PROBLEM STATEMENT: All entries need to be written out again exactly, without their pictures.

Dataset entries

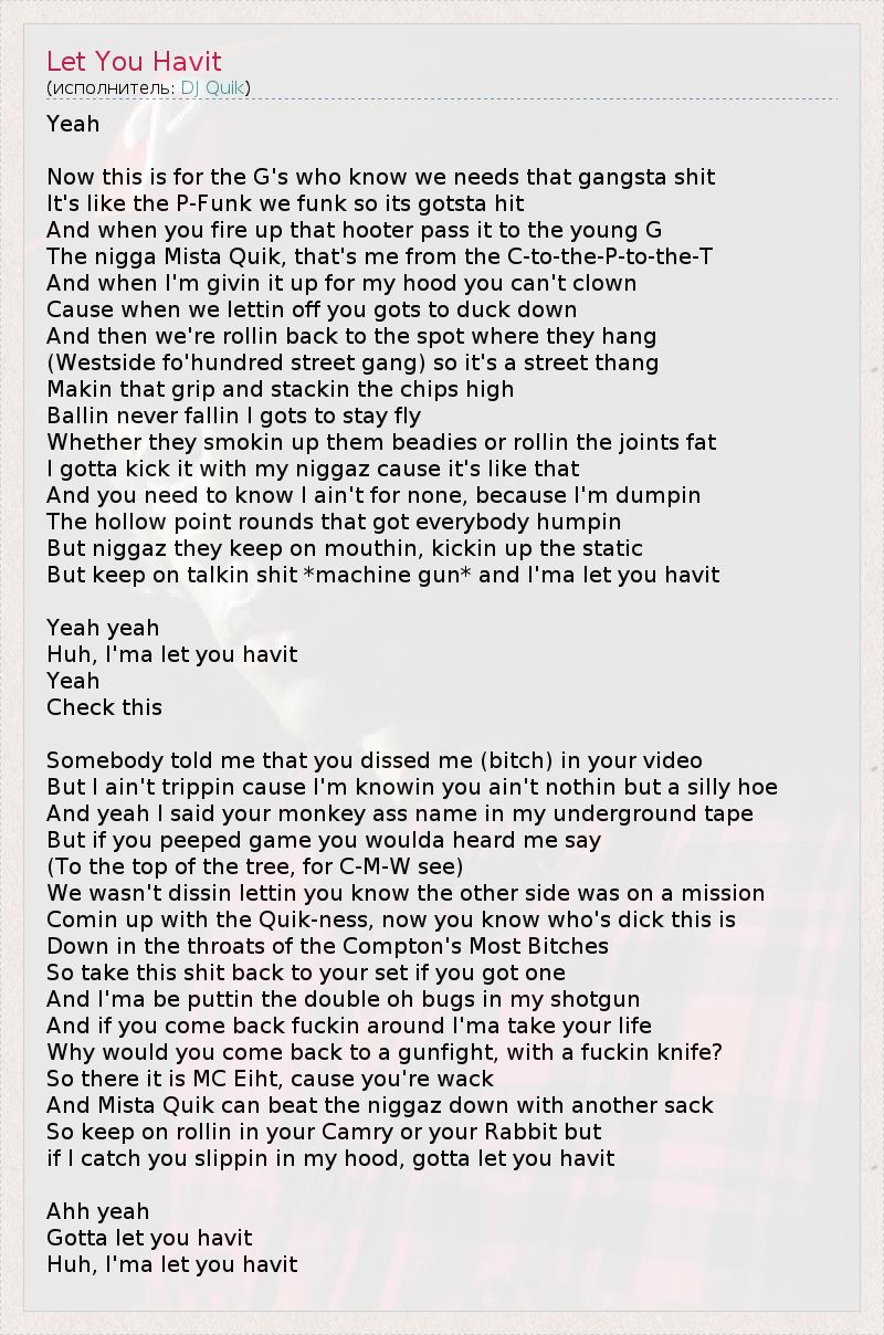 if I catch you slippin in my hood, gotta let you havit
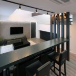 母屋の敷地内に別棟で子世帯の家を新築しました。ダークカラーとホワイトを基調としたシンプルでスタイリッシュな内装が印象的なお住まいです。スキップフロアやバーカウンターなど遊びを織り交ぜながらも落ち着きのあるシックな空間に仕上がっています。
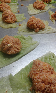 | METTERE UNA BELLA PALLA DI RISO SULLA FOGLIA DI VERZA COTTA. AL CENTRO DELLA " POLPETTA " DI RISO METTERE UNA FETTA DI MOZZARELLA |
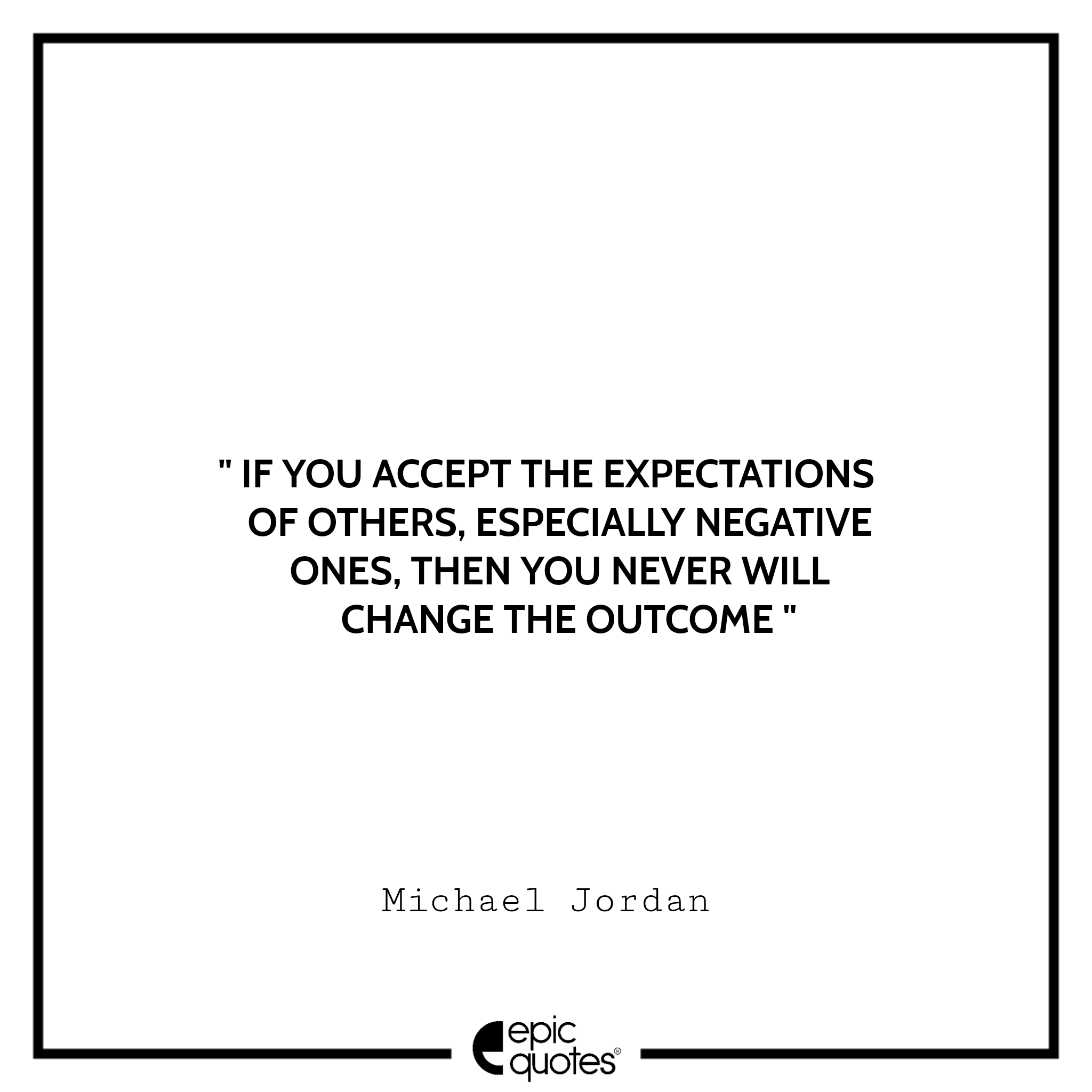 4 If you accept the expectations of others, especially negative ones, then you never will change the outcome. -Michael Jordan
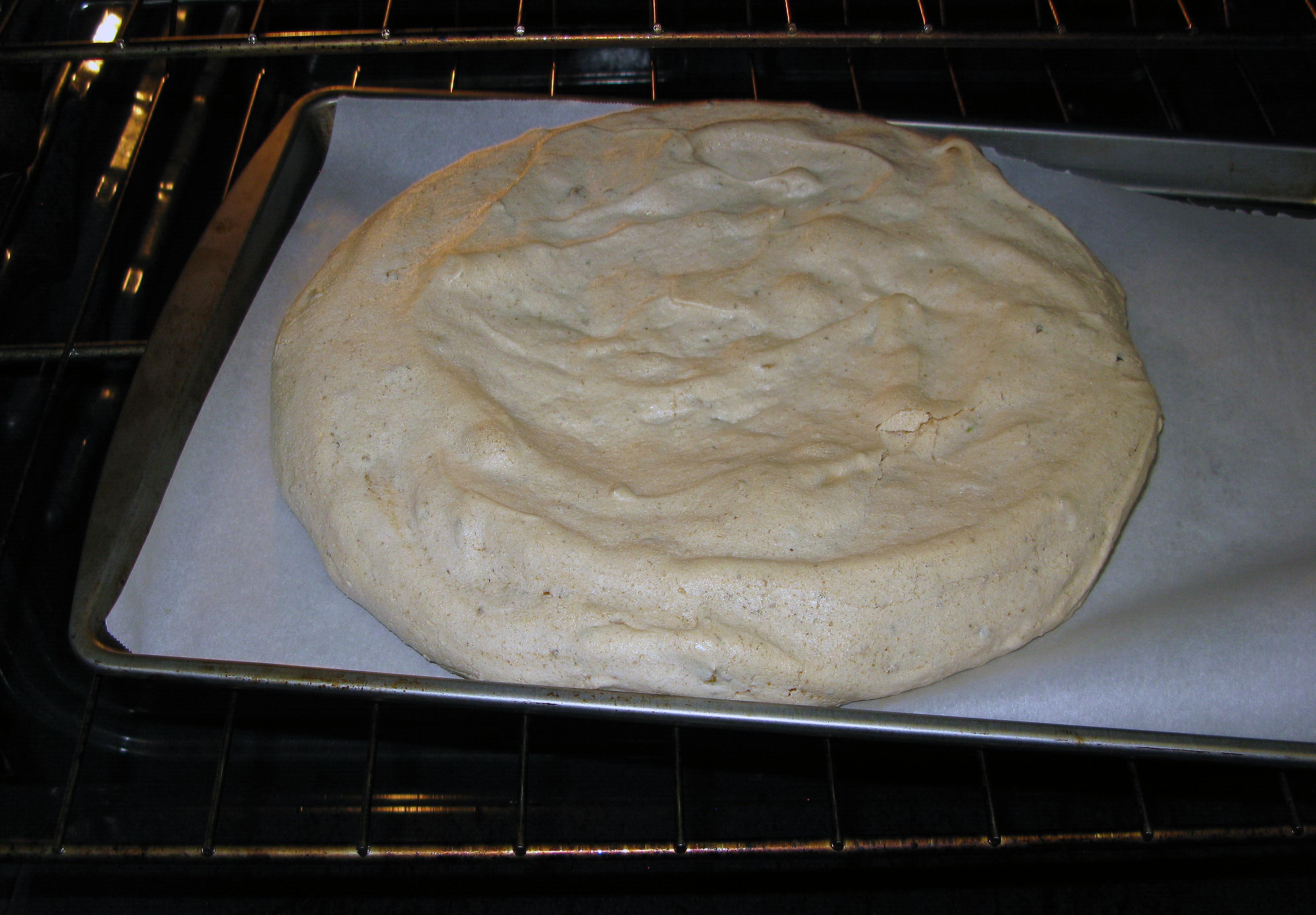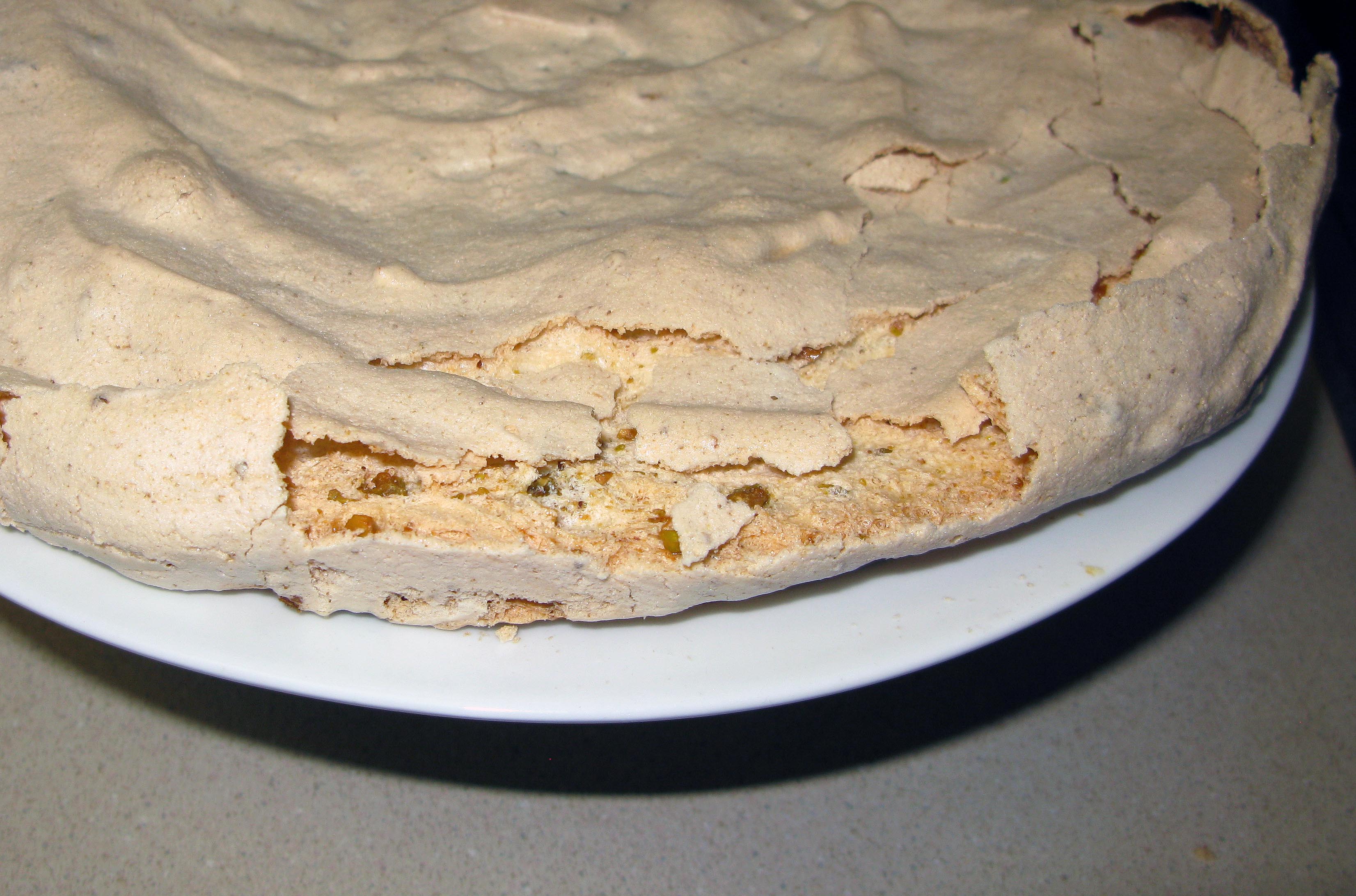 My meringue layer did crack a bit around the edge (see below), but according to the recipe’s description, this is ok. In the future, I might try baking the meringue at a lower temperature to prevent the edges drying out as they did. One critical step that should not be skipped is cooling the meringue in the oven. As far as I know, this is true of most hard meringue recipes. Slow cooling helps prevent cracks in a properly baked meringue. If it’s overbaked, it will crack anyway, but this is one thing you can do to give your meringue the best chance at survival.
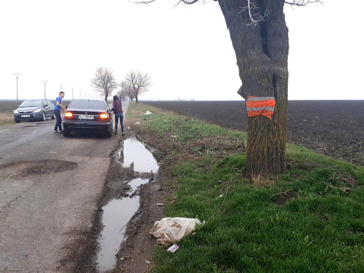 “Veneam de la Şuţu, mă duceam până la Plopu. Aveam viteză şi n-am mai avut timp să frânez, pentru că am observat groapa în ultimul moment. Nu e nici măcar semnalizată. Înclusiv baia mi-am lovit-o, că astea-s gropi de 40 centimetri şi n-ai cum să le ocoleşti, ori prin stânga, ori prin dreapta, tot în groapă mare dai. Pe lângă mine, au păţit-o şi alţi doi şoferi. Unul avea un Audi, iar celălalt un Volkswagen. Eu făceam pana şi n-am mai apucat să-i anunţ. Am auzit doar «zdrang-zdrang, buf!». Unul dintre ei a ajuns în şanţ, avea numere de Bacău. M-am dus la Poliţie, am sesizat groapa, iar când m-am întors la maşină, am găsit şi baltă sub maşină, adică mi-am lovit tare baia de ulei. Mi-am îndoit şi janta, am schimbat cauciucul... Măcar să pună o cracă, pe aia o vede omul. Le-am zis poliţiştilor să pună o cracă, mi-au răspuns că nu le pasă. Păi, dacă lor nu le pasă, ălora de la Drumuri nu le pasă, atunci cui?”, se întreabă retoric Adrian Aghache. Acesta a mai remarcat şi faptul că cineva, nu se ştie cine, a pus o vestă reflectorizantă într-un copac, pe post de avertisment. De altfel, singurul avertisment legat de gropile periculoase! “Uitaţi-vă hal de semnalizare! Dacă ei cred că aia-i semnalizare.... Hai, ziua ca ziua, dar noaptea? Vine unul noaptea, mai sunt tinerii ăştia cu BMW care merg cu 100 km/h. Ce fac ei? Păi, groapa asta e moarte sigură! Eu, personal, cam de 3-4 ori pe an merg pe drumul ăsta şi niciodată n-a fost bun. Mai ales după ce trece iarna, apar ditamai gropile. Astă vară l-au cârpit, nu asfaltat. Asta-i smoală cu nisip ce pun ei aici! Iau preţ de super-asfalt, şi la prima ploaie apar gropile”, ne-a mai spus şoferul revoltat. Un alt participant la trafic, care oprise pentru a-l ajuta pe Adrian Agache, ne-a avertizat că există tronsoane de drum chiar mai rele decât cel dintre Şuţeşti şi Ianca. “Să ştiţi că drumul Bordei Verde - Viziru e mult mai rău ca ăsta! Să nu circulaţi pe acolo! Gropile de aici sunt mici faţă de alea de acolo!”, ne-a avertizat bărbatul.

WRITTEN ANSWER:
 if I catch you slippin in my hood, gotta let you havit
 母屋の敷地内に別棟で子世帯の家を新築しました。ダークカラーとホワイトを基調としたシンプルでスタイリッシュな内装が印象的なお住まいです。スキップフロアやバーカウンターなど遊びを織り交ぜながらも落ち着きのあるシックな空間に仕上がっています。
 | METTERE UNA BELLA PALLA DI RISO SULLA FOGLIA DI VERZA COTTA. AL CENTRO DELLA " POLPETTA " DI RISO METTERE UNA FETTA DI MOZZARELLA |
 4 If you accept the expectations of others, especially negative ones, then you never will change the outcome. -Michael Jordan
 My meringue layer did crack a bit around the edge (see below), but according to the recipe’s description, this is ok. In the future, I might try baking the meringue at a lower temperature to prevent the edges drying out as they did. One critical step that should not be skipped is cooling the meringue in the oven. As far as I know, this is true of most hard meringue recipes. Slow cooling helps prevent cracks in a properly baked meringue. If it’s overbaked, it will crack anyway, but this is one thing you can do to give your meringue the best chance at survival.
 “Veneam de la Şuţu, mă duceam până la Plopu. Aveam viteză şi n-am mai avut timp să frânez, pentru că am observat groapa în ultimul moment. Nu e nici măcar semnalizată. Înclusiv baia mi-am lovit-o, că astea-s gropi de 40 centimetri şi n-ai cum să le ocoleşti, ori prin stânga, ori prin dreapta, tot în groapă mare dai. Pe lângă mine, au păţit-o şi alţi doi şoferi. Unul avea un Audi, iar celălalt un Volkswagen. Eu făceam pana şi n-am mai apucat să-i anunţ. Am auzit doar «zdrang-zdrang, buf!». Unul dintre ei a ajuns în şanţ, avea numere de Bacău. M-am dus la Poliţie, am sesizat groapa, iar când m-am întors la maşină, am găsit şi baltă sub maşină, adică mi-am lovit tare baia de ulei. Mi-am îndoit şi janta, am schimbat cauciucul... Măcar să pună o cracă, pe aia o vede omul. Le-am zis poliţiştilor să pună o cracă, mi-au răspuns că nu le pasă. Păi, dacă lor nu le pasă, ălora de la Drumuri nu le pasă, atunci cui?”, se întreabă retoric Adrian Aghache. Acesta a mai remarcat şi faptul că cineva, nu se ştie cine, a pus o vestă reflectorizantă într-un copac, pe post de avertisment. De altfel, singurul avertisment legat de gropile periculoase! “Uitaţi-vă hal de semnalizare! Dacă ei cred că aia-i semnalizare.... Hai, ziua ca ziua, dar noaptea? Vine unul noaptea, mai sunt tinerii ăştia cu BMW care merg cu 100 km/h. Ce fac ei? Păi, groapa asta e moarte sigură! Eu, personal, cam de 3-4 ori pe an merg pe drumul ăsta şi niciodată n-a fost bun. Mai ales după ce trece iarna, apar ditamai gropile. Astă vară l-au cârpit, nu asfaltat. Asta-i smoală cu nisip ce pun ei aici! Iau preţ de super-asfalt, şi la prima ploaie apar gropile”, ne-a mai spus şoferul revoltat. Un alt participant la trafic, care oprise pentru a-l ajuta pe Adrian Agache, ne-a avertizat că există tronsoane de drum chiar mai rele decât cel dintre Şuţeşti şi Ianca. “Să ştiţi că drumul Bordei Verde - Viziru e mult mai rău ca ăsta! Să nu circulaţi pe acolo! Gropile de aici sunt mici faţă de alea de acolo!”, ne-a avertizat bărbatul.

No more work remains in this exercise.